Now, although they do not include the actual data in the paper for some reason, this paragraph clearly says that ‘there was no significant modafinil effects on self-reported rates of cocaine use.’ This means that the people in the modafinil and the placebo groups said they used similar amounts of coke during the study. If you read the Abstract of the paper, this fact is left out altogether. It is also left out of the Discussion section of the paper. Yet, the conclusion in the Abstract and in the paper itself says the opposite, ‘Nevertheless, we did find that modafinil significantly improved cocaine abstinence in this randomized, controlled pilot study, suggesting that further research should be conducted to determine whether modafinil might become a first-line treatment for cocaine dependence.’
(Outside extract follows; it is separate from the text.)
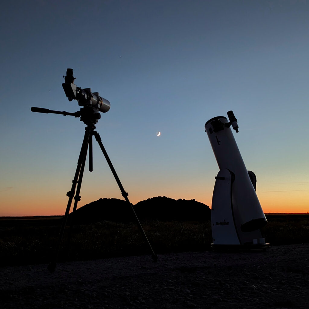 Ce pourrait être l’histoire de deux instruments qui n’avaient pas vu les étoiles depuis longtemps et qui se sont retrouvés sous le clair de Lune, un beau soir d’été. Télescope, de l’aveu de Christelle, sa propriétaire, n’avait pas vu la lumière du jour depuis plusieurs mois. Et Lunette, ma fidèle Megrez 80, n’était pas sortie de sa valise en toile depuis … des années. Que de temps à rattraper !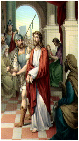 Quando pediram a crucificação de Jesus, Pilatos pediu água e lavou as mãos, dizendo: "Não sou responsável pelo sangue deste homem. É um problema de vocês". Depois de mandar açoitar Jesus, entregou-o para ser crucificado.

There was a discrepancy between the urine results that showed some effect of Modafinil and the self-reporting of cocaine use and the money spent on cocaine by the subjects that did not show any effects of modafinil. This result was never mentioned in the Abstract or Discussion of the paper. Thus, people reading the Abstract or the Discussion and Conclusion would miss this result. Apparently your peer reviewers missed this result too. This discrepancy is needed to be explained in the paper because I believe the subjects, who, if they were being dishonest about their coke use, would minimize their use of cocaine in a study like this rather than maximize it, more than the urines in this case. The authors not only made no attempt to explain the discrepancy but ignored it altogether. The peer reviewers should have insisted that the discrepancy be resolved either by showing that the urine tests were erroneous or that the subjects, when asked again about their coke use, admitted lying about it, lying about using more coke than they actually did, something I have never heard of.